The Government is keen to show the public and business that this is not a flash in the pan, with the potential commitments including   two new green freeports in Scotland[5], a £166million investment for green technology [6], and by setting a 10-point plan for a ‘Green Industrial Revolution’. But despite these encouraging movements, we are still far from being in the green utopia thought to be just over the horizon.

According to the ONS, the UK’s low-carbon and renewable energy economy has failed to grow since 2014, coupled with a fall in the number of ‘green jobs’[7]. Employment in the low-carbon and renewable energy economy, which includes manufacturing, energy supply and construction, fell by 28,000 across the UK to just 207,800. Some of the steepest declines were in factories producing energy-efficient products, onshore wind, and solar energy – all key sectors if we are to achieve net-zero by 2050.

These numbers in isolation don’t signify that all hope for a greener economy is lost, but when combined with decisions such as giving approval to the new Cambo oil field[8] or a reluctance to scrap plans for a new coal mine in Whitehaven, it is clear that the government must go further.
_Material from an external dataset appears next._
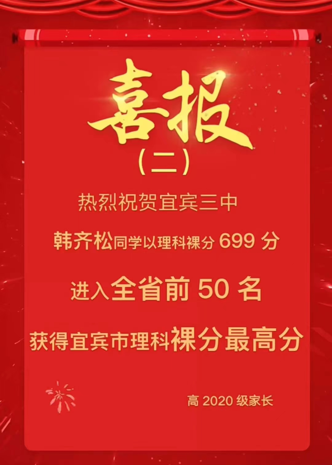 宜一中共有三名同学突破了700分(含加分),这足以证明老牌名校一中的底蕴实力。

Investment in green business will not be enough if we are still bound to fossil fuels and over consumption of finite materials.

By 2045 the climate crisis could wipe 1% a year off the UK economy[9]. A green recovery from the pandemic is a once-in-a-generation opportunity to restructure our economic systems to ensure a sustainable, fairer and more resilient society. Ultimately, the worsening climate emergency will have a disastrous effect on global economies, so investing in a green economy now is crucial if we are to provide stability in the long term.

We must now reconsider how we define a healthy economy. Is it solely by GDP growth and the strength of the markets, or should it be how it is serving society and protecting our planet?